Meal strike, restrictions reported at Clallam Bay Corrections Center

Move called protest over food, other conditions

CLALLAM BAY — Clallam Bay Corrections Center inmates went on strike Monday in protest over food and other conditions at Clallam Bay Corrections Center, refusing to eat their meals, a state Department of Corrections spokesperson said Tuesday.

The prison responded by placing inmates on restricted-movement status, spokesperson Janelle Guthrie said Tuesday morning.

Two inmate wives — one of which did not want to be identified — described the action to the Peninsula Daily News not as restricted movement but as a lockdown, a more restricted status under which inmates cannot receive phone calls and are confined to their cells.

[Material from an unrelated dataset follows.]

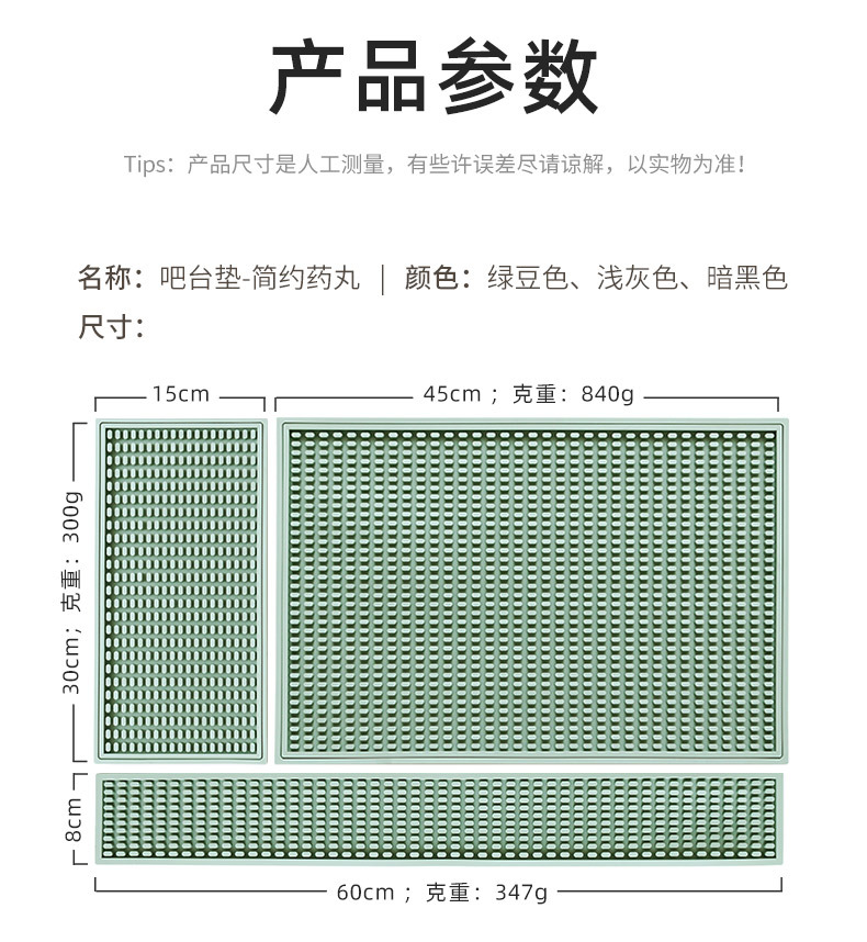 bar table mat simple pill 15*30 pea green two pack

One wife said food packages were being withheld from the inmates.

Restricted movement is the suspension of normal movement in a prison, usually after a disturbance, according to www.doc.wa.gov.

“We have been working to address concerns of the incarcerated individuals for the last several weeks,” spokesperson Janelle Guthrie said in an interview.

“The administration has been working hard to address their concerns, and I know they’ve addressed a number of them to date.”

She said in a prepared statement that inmates began refusing meals and not attending assigned work and programs Monday in an action initiated by “a small number of incarcerated individuals.”

Some inmates are “attempting to enforce their will in a manner inconsistent with the welfare of others and facility safety and security concerns,” she said.

“Much of the rest of the population are participating out of concern of retaliation.”

Guthrie said in a later interview those concerns were explicitly expressed by some inmates.

Holly Phillips, the wife of an inmate, said prison officials were not allowing inmates access to food packages they had stored to sustain each other during the strike.

“The prison is refusing to give them their food packages as punishment,” said Phillips, who said she will be attending the University of Idaho School of Law next year.

“They have been completely locked down,” the Lewiston, Idaho, resident said.

“There is no phone usage.

“Even the ones in school cannot attend their classes.

“It’s basically punishment.”

Her husband emailed Phillips on Monday that “they locked us down,” according to a screenshot from his JPay corrections services email account.

“I don’t know when we will be off, but they are down-sizing, the [expletive deleted] they have been doing … food, rec, phone calls, the way they treat our family’s [sic] when they visit,” he said.

They put our loved ones on lockdown,” said the wife of another inmate who did not want her name used for fear her husband would suffer retaliation.

“That’s corporal punishment, in my eyes,” she said.

Guthrie emphasized in a second interview that the prison had not been locked down.

Units are scheduled to begin gaining access to phones on a rotational basis “within the next 24 hours,” she said in an email.

“Under restricted movement, they are allowed calls three times a week.”

Guthrie said the delivery of food packages has not been affected by the prison’s response to the food strike.

Prison inmates conducted food strikes in April 2018 at Walla Walla Penitentiary and in February at Coyote Ridge Corrections Center in Connell.